### TASK INSTRUCTIONS
A faithful, word-for-word transcription of all the data is what is needed.

++++ RECORDS ++++

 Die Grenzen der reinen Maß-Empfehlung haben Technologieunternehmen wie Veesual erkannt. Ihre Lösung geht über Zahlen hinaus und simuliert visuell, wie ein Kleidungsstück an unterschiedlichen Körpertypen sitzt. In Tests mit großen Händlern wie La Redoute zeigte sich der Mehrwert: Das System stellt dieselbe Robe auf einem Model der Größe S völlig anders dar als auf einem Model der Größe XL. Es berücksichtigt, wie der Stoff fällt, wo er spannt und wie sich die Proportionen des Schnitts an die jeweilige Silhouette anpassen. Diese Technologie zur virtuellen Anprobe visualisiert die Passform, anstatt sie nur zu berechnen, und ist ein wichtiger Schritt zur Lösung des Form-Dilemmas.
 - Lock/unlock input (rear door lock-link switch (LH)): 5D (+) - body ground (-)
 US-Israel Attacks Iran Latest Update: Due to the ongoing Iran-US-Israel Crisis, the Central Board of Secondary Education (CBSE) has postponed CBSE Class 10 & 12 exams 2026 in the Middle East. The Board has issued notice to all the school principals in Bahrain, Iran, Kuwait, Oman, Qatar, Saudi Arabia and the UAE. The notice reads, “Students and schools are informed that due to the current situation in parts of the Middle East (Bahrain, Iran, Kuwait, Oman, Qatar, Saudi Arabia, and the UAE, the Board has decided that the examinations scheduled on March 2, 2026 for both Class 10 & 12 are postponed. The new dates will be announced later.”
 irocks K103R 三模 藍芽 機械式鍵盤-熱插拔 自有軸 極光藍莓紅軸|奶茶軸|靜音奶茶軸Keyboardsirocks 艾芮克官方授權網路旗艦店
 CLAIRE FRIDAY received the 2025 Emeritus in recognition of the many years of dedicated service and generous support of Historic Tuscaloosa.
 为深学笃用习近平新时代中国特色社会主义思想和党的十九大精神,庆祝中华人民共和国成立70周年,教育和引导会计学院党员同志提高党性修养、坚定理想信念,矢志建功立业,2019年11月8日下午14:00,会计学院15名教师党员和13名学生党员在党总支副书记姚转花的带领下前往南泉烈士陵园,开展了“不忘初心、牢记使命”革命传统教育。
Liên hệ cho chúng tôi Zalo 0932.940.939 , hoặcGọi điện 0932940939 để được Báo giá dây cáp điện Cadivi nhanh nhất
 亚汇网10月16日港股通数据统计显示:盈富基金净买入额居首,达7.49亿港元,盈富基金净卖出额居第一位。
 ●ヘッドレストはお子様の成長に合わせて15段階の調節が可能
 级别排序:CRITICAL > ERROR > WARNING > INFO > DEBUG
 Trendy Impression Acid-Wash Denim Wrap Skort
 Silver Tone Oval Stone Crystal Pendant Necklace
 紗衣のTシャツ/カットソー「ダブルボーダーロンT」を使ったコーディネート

++++

### WRITTEN RESPONSE
 Die Grenzen der reinen Maß-Empfehlung haben Technologieunternehmen wie Veesual erkannt. Ihre Lösung geht über Zahlen hinaus und simuliert visuell, wie ein Kleidungsstück an unterschiedlichen Körpertypen sitzt. In Tests mit großen Händlern wie La Redoute zeigte sich der Mehrwert: Das System stellt dieselbe Robe auf einem Model der Größe S völlig anders dar als auf einem Model der Größe XL. Es berücksichtigt, wie der Stoff fällt, wo er spannt und wie sich die Proportionen des Schnitts an die jeweilige Silhouette anpassen. Diese Technologie zur virtuellen Anprobe visualisiert die Passform, anstatt sie nur zu berechnen, und ist ein wichtiger Schritt zur Lösung des Form-Dilemmas.
 - Lock/unlock input (rear door lock-link switch (LH)): 5D (+) - body ground (-)
 US-Israel Attacks Iran Latest Update: Due to the ongoing Iran-US-Israel Crisis, the Central Board of Secondary Education (CBSE) has postponed CBSE Class 10 & 12 exams 2026 in the Middle East. The Board has issued notice to all the school principals in Bahrain, Iran, Kuwait, Oman, Qatar, Saudi Arabia and the UAE. The notice reads, “Students and schools are informed that due to the current situation in parts of the Middle East (Bahrain, Iran, Kuwait, Oman, Qatar, Saudi Arabia, and the UAE, the Board has decided that the examinations scheduled on March 2, 2026 for both Class 10 & 12 are postponed. The new dates will be announced later.”
 irocks K103R 三模 藍芽 機械式鍵盤-熱插拔 自有軸 極光藍莓紅軸|奶茶軸|靜音奶茶軸Keyboardsirocks 艾芮克官方授權網路旗艦店
 CLAIRE FRIDAY received the 2025 Emeritus in recognition of the many years of dedicated service and generous support of Historic Tuscaloosa.
 为深学笃用习近平新时代中国特色社会主义思想和党的十九大精神,庆祝中华人民共和国成立70周年,教育和引导会计学院党员同志提高党性修养、坚定理想信念,矢志建功立业,2019年11月8日下午14:00,会计学院15名教师党员和13名学生党员在党总支副书记姚转花的带领下前往南泉烈士陵园,开展了“不忘初心、牢记使命”革命传统教育。
Liên hệ cho chúng tôi Zalo 0932.940.939 , hoặcGọi điện 0932940939 để được Báo giá dây cáp điện Cadivi nhanh nhất
 亚汇网10月16日港股通数据统计显示:盈富基金净买入额居首,达7.49亿港元,盈富基金净卖出额居第一位。
 ●ヘッドレストはお子様の成長に合わせて15段階の調節が可能
 级别排序:CRITICAL > ERROR > WARNING > INFO > DEBUG
 Trendy Impression Acid-Wash Denim Wrap Skort
 Silver Tone Oval Stone Crystal Pendant Necklace
 紗衣のTシャツ/カットソー「ダブルボーダーロンT」を使ったコーディネート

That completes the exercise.